As the rise of iOS, Android, and the Mac App Store brings more web developers into the world of native applications can our existing processes and best practices survive the transition? How can we release early and often in an environment where each update must pass through a review process? How do we aggressively refactor code when outdated clients must be supported? Can we iterate efficiently on features when design changes require more than a stylesheet update? A group of experienced web, mobile, and native app designers and developers will discuss our experiences working on native applications. We will explain what unexpected challenges we encountered coming from a web background, what strategies have helped us design and develop native applications, what did not work, and what we should learn from experienced native application developers.
What do you have to have in place to iterate on a product in an efficient way? Focus on the tools around your product (build tools, versioning, analytics) to reduce friction/barriers to deliver betas/updates. Build automation around your development process (i.e., push updates out instead of waiting for devs to pull down?). TestFlight + GitHub.
Mobile: Put heavy data work / logic on server-side so that you are delivering post-logic data objects to the app instead of putting a lot of logic in the app that has to be updated often. Data-driven (drop data onto server, THEN do things to it).
High-fidelity mockups: Great design will make your app better, but if you’re counting on design to make your app great you’ve failed before you’ve begun.
Then we broke down into a conversation about the advantages of mobile apps…
Analytics: Apps should support a way to measure which users it is serving and what it is doing for them and start out measuring the success of that core.
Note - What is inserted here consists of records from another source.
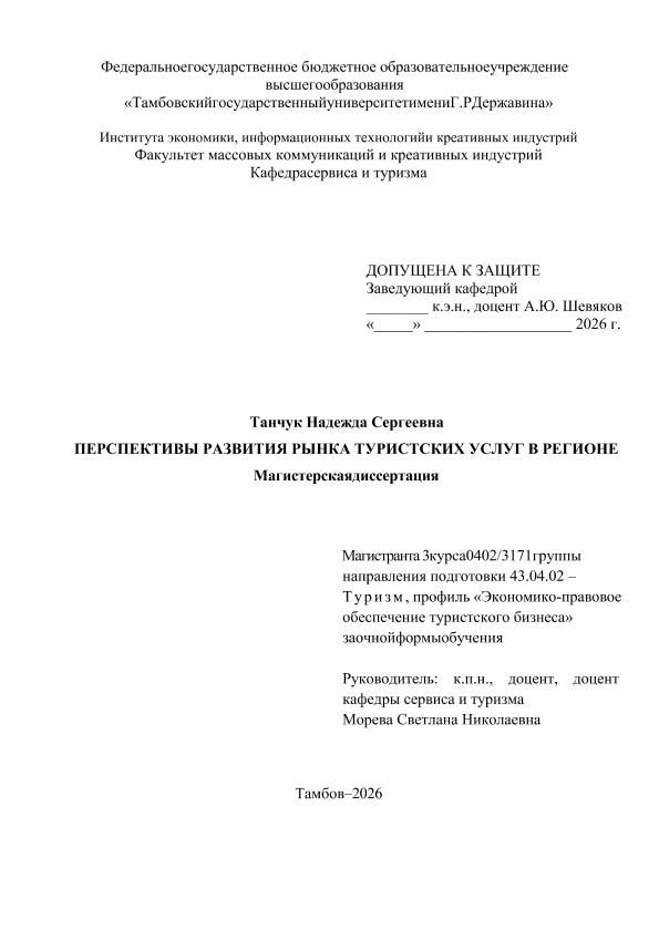 ТАНЧУК, НАДЕЖДА СЕРГЕЕВНА. ПЕРСПЕКТИВЫ РАЗВИТИЯ РЫНКА ТУРИСТСКИХ УСЛУГ В РЕГИОНЕ [Электронный ресурс]: магистерская диссертация: 43.04.02 Туризм: Экономико-правовое обеспечение туристского бизнеса: Заочная форма обучения / Н. С. ТАНЧУК; ТГУ им. Г. Р. Державина ; науч. рук. к. пед. н., доцент, С. Н. Морева. — Электрон. текстовые дан. (1 файл). — Тамбов, 2026. — Загл. с титул. экрана. — <URL:https://elibrary.tsutmb.ru/dl/docs/vkr19174.pdf>.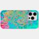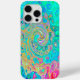 Ce boîtier de téléphone couleur Cool iPhone 15 Pro Max dispose d'une Super peinture rétro turquoise bleu et arc-en-ciel bleu et bleu liquide avec des accents vert Aquamarine, rouge, jaune et citron vert. Le résultat est un design coloré, super et abstrait que vous aimerez !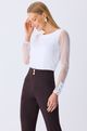 Confeccionada em Mesh Na Cor Branca, a Blusa Se Destaca Pela Textura Diferenciada e Transparência Sutil Nas Mangas, Adicionando Um Toque de Glamour e Atitude. É Ideal para a Mulher Que Busca Versatilidade, Transitando com Elegância Entre Diversas Ocasiões. Coordene com a Calça Tóquio Brown para Um Visual Completo e Sofisticado.
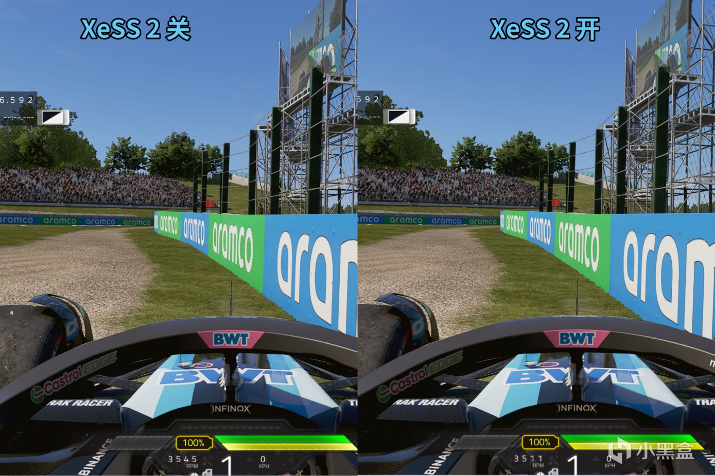 最後來看看XeSS 2的畫質情況,對比開關XeSS 2,我們沒有發現XeSS 2造成了模糊不清的問題,賽車車身的劃痕噴漆等細節都得到了很好的保留,輪胎上面的雜草等微小的細節也很好的呈現了,遠景的廣告牌和人物也沒有出現失真和模糊一團的情況,所以說在幀數大幅度提升之後,畫面並沒有出現損失,這是一個非常振奮人心的消息。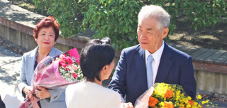本庶佑 高等研究院副院長・特別教授に花束贈呈が行われました。(2018年10月2日)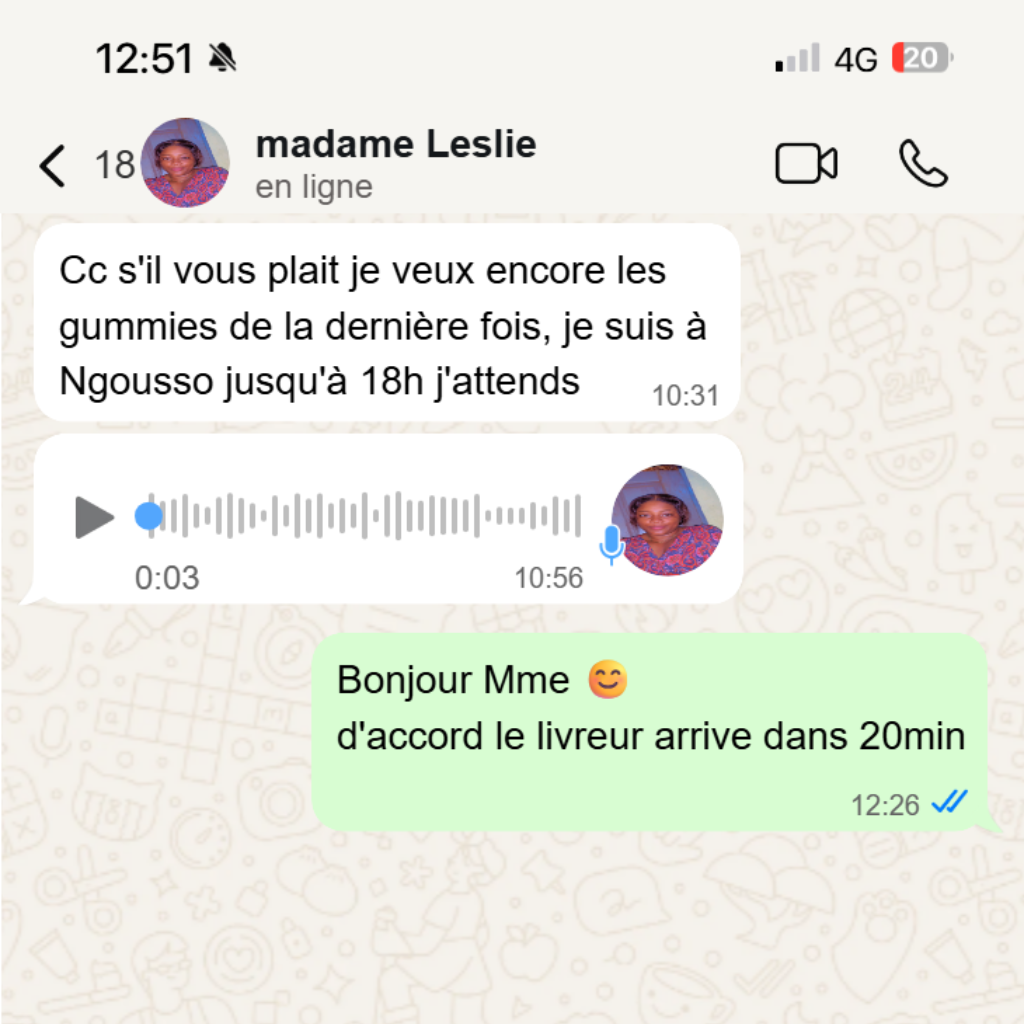 Nous livrons rapidement (en quelques heures) sur Yaoundé et Douala, sans frais de livraison.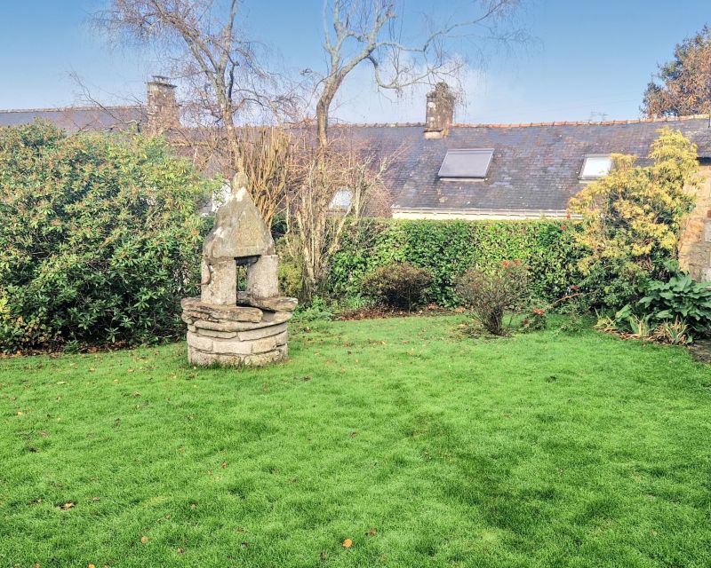 Le jardin paysager de 944 m² avec son puits décoratif ajoute une touche de charme à cette propriété.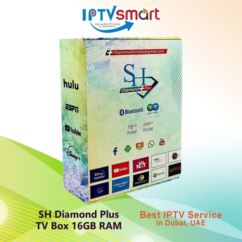 The SH Diamond Plus Android TV Box delivers a powerful and seamless entertainment experience with 16GB RAM and 256GB ROM, ensuring smooth multitasking and ample storage. Designed for high-performance streaming, it supports 8K Ultra HD resolution for stunning visuals. Equipped with dual-band Wi-Fi (2.4G & 5.8G) and Bluetooth connectivity, it ensures fast and stable wireless performance. Access your favorite apps, including YouTube, Netflix, Prime Video, and Disney+, for unlimited entertainment. The SH Diamond Plus is available in different flavors, including Standard, Advanced, and Pro Editions, catering to different viewing preferences. New SH Diamond Plus in Dubai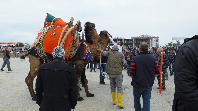 Burhaniye'de güreşçi 82 deveye havut giydirildi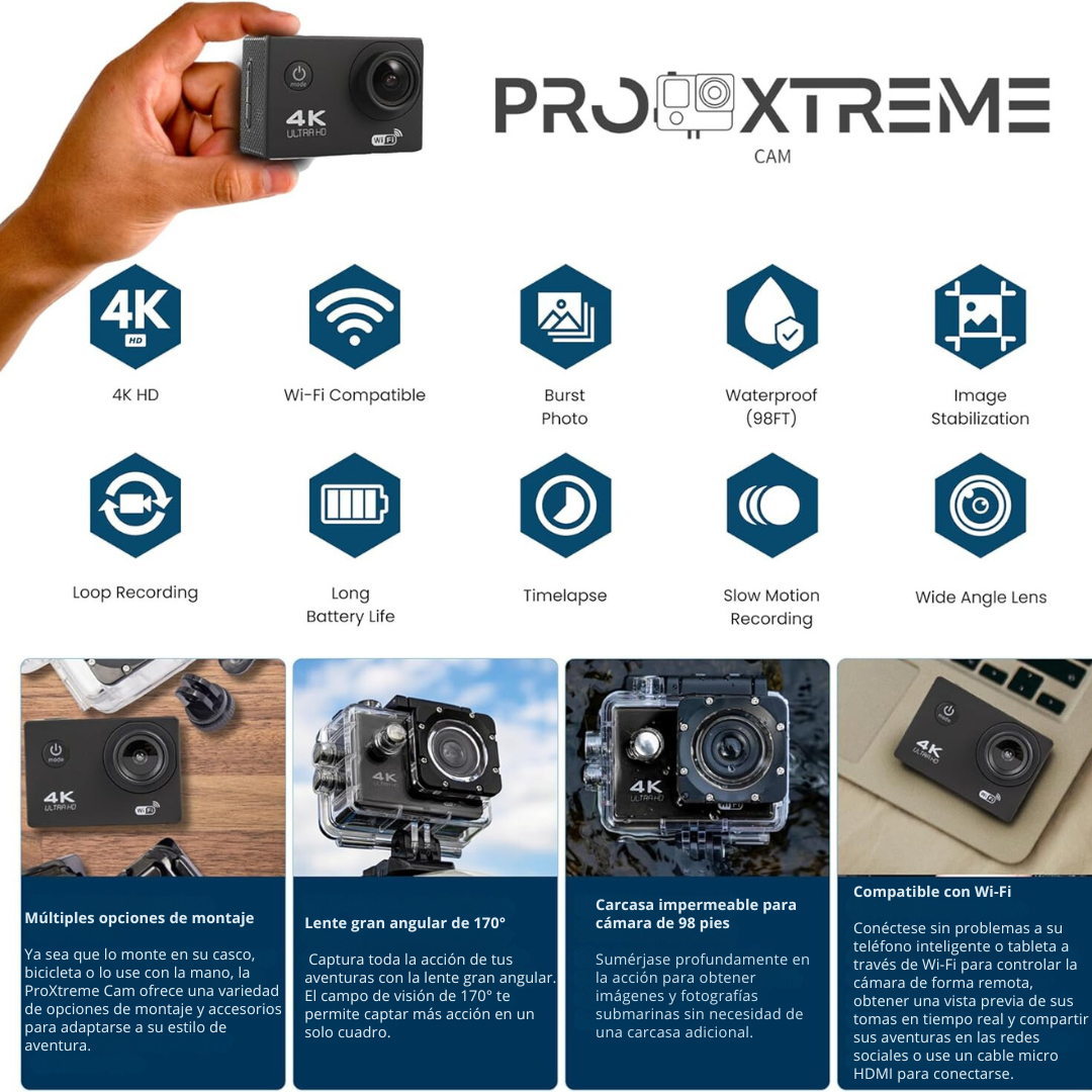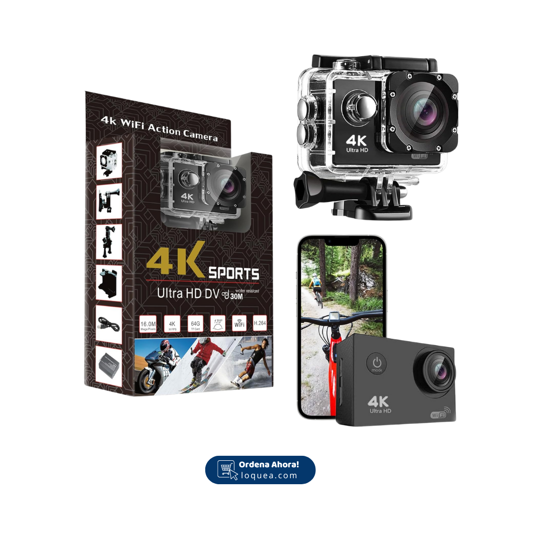 Captura tus aventuras con esta cámara deportiva 4K Ultra HD. Diseñada para amantes de la acción, ofrece videos nítidos, conectividad WiFi, y accesorios para todo tipo de actividades extremas. 🌊🏂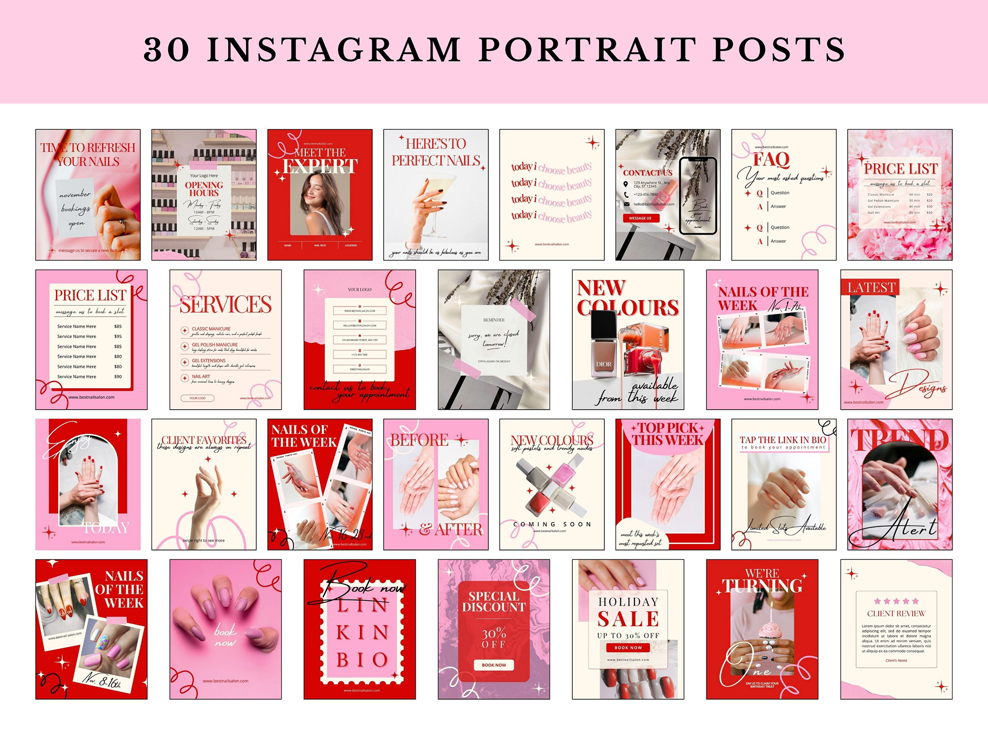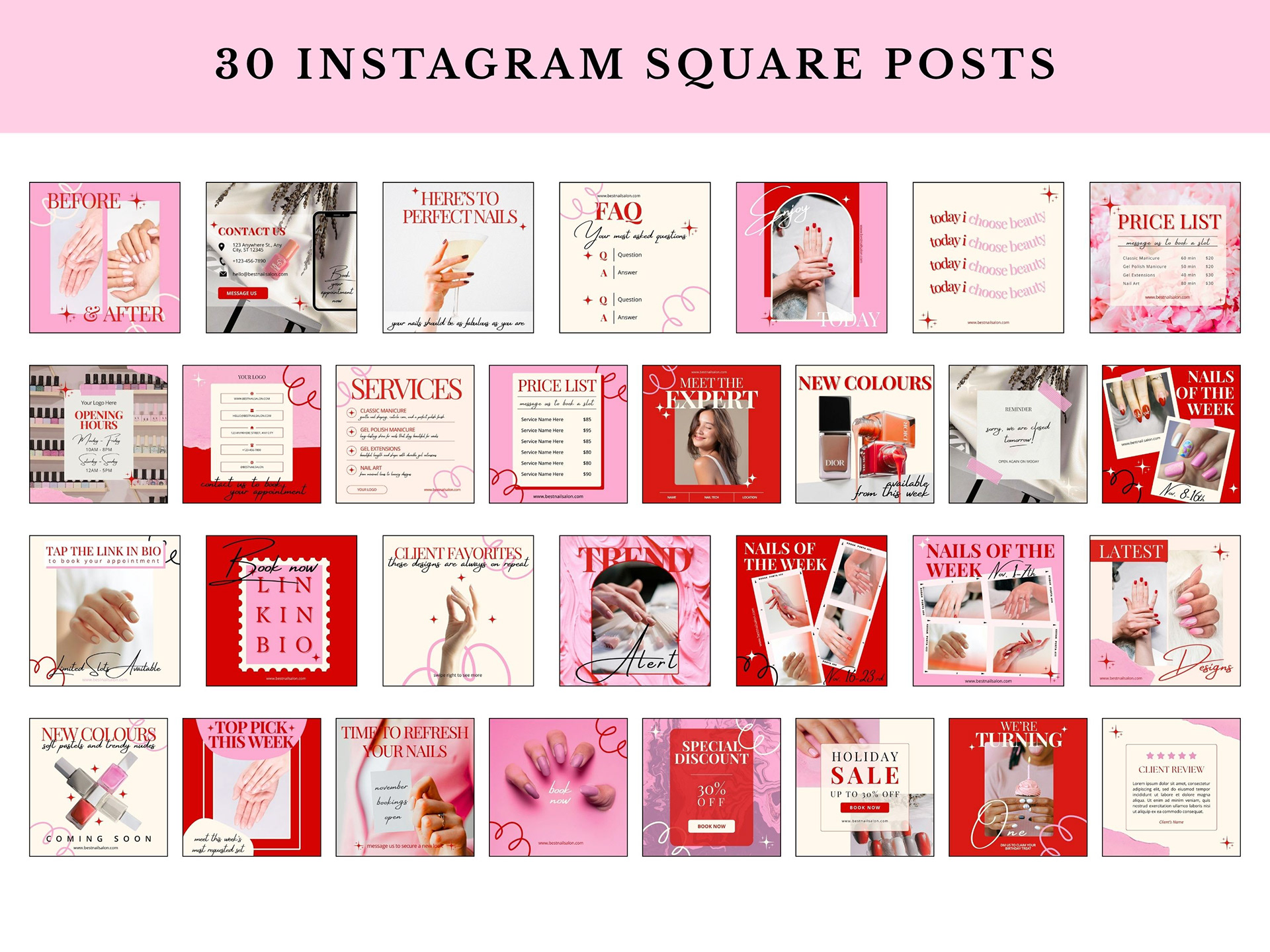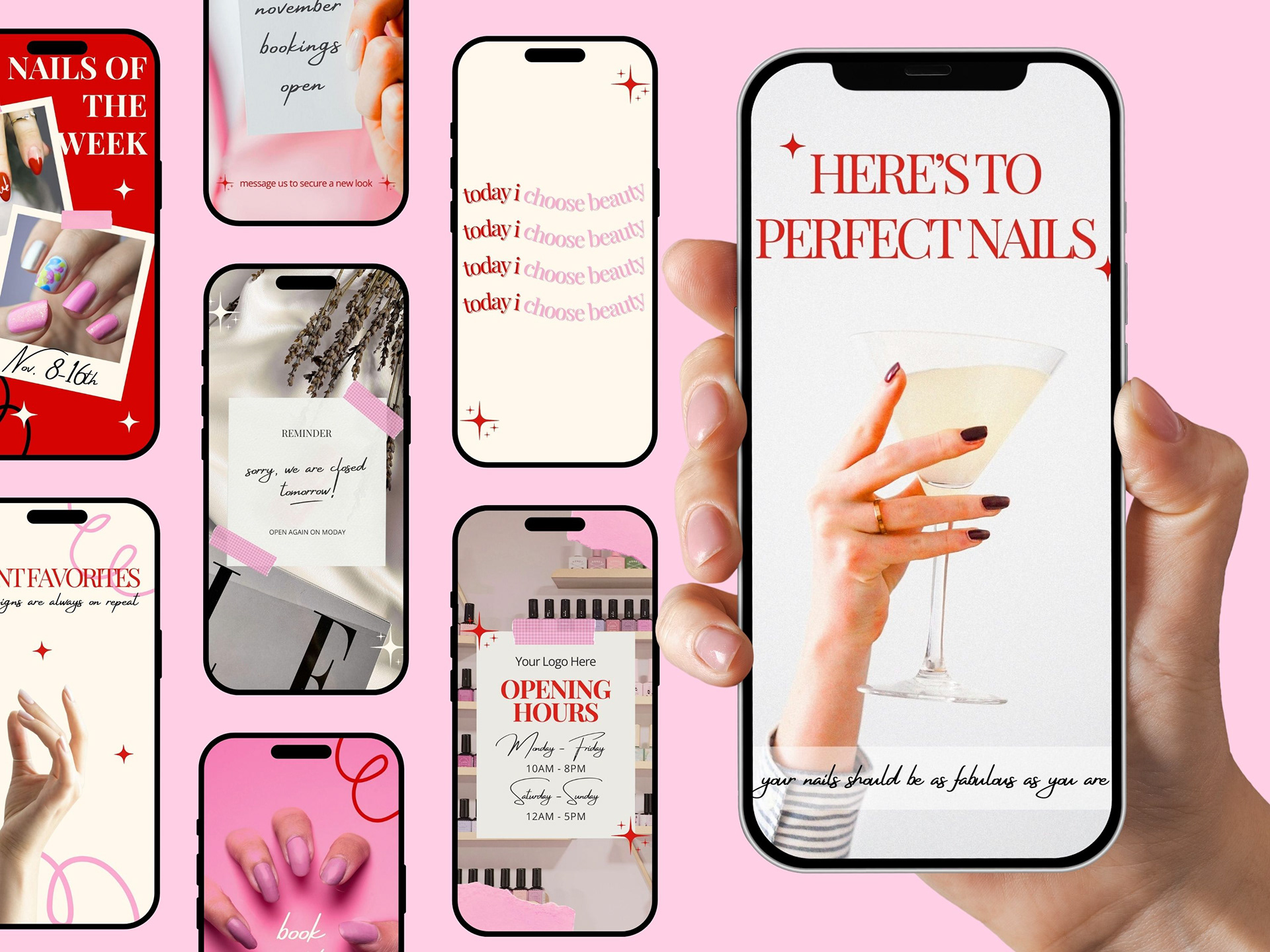 A collection of modern feminine Instagram templates made for nail salons, beauty studios and self-care brands. Designed to create a fresh, elegant and versatile visual identity that helps professionals showcase their services beautifully.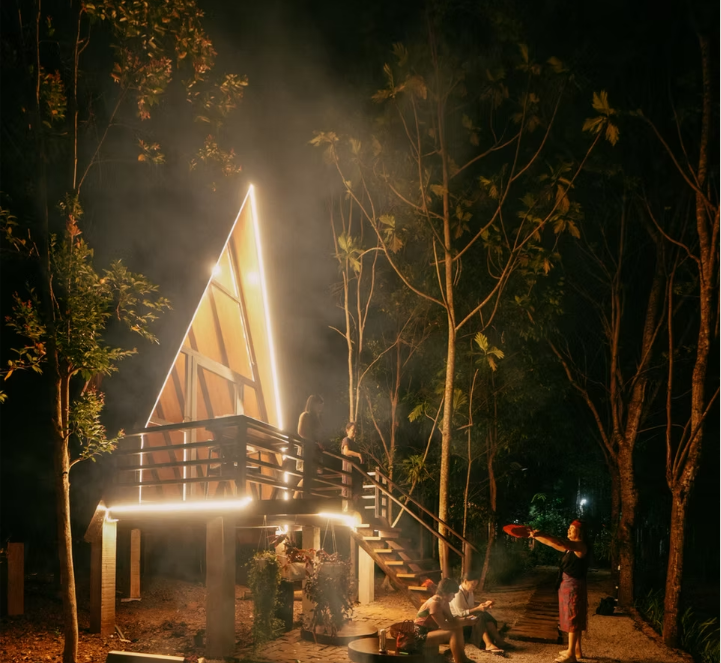 Du khách trải nghiệm không gian tại Suối Rao Ecolodge vào buổi tối.

Pick a single, easy win by identifying the core of what the app should do (subset of tasks users will use in mobile), build stuff on top.
Testing: Back-end developers need completely automated unit testing so that test-driven development reinforces whether or not a developer can be confident in his work. Front-end developers may not find test-driven development as useful: UI-drive tests not as useful/complex to build. Beta/usability testing, QA, and analytics are better ways to do “test-driven” front-end development. Automated unit testing tied to diffs (test what has changed in addition to standard paths)?
Feedback: If you probe beta testers with specific questions (What did you think about using this feature/option?) instead of a general open form for feedback is much more successful and provides richer information.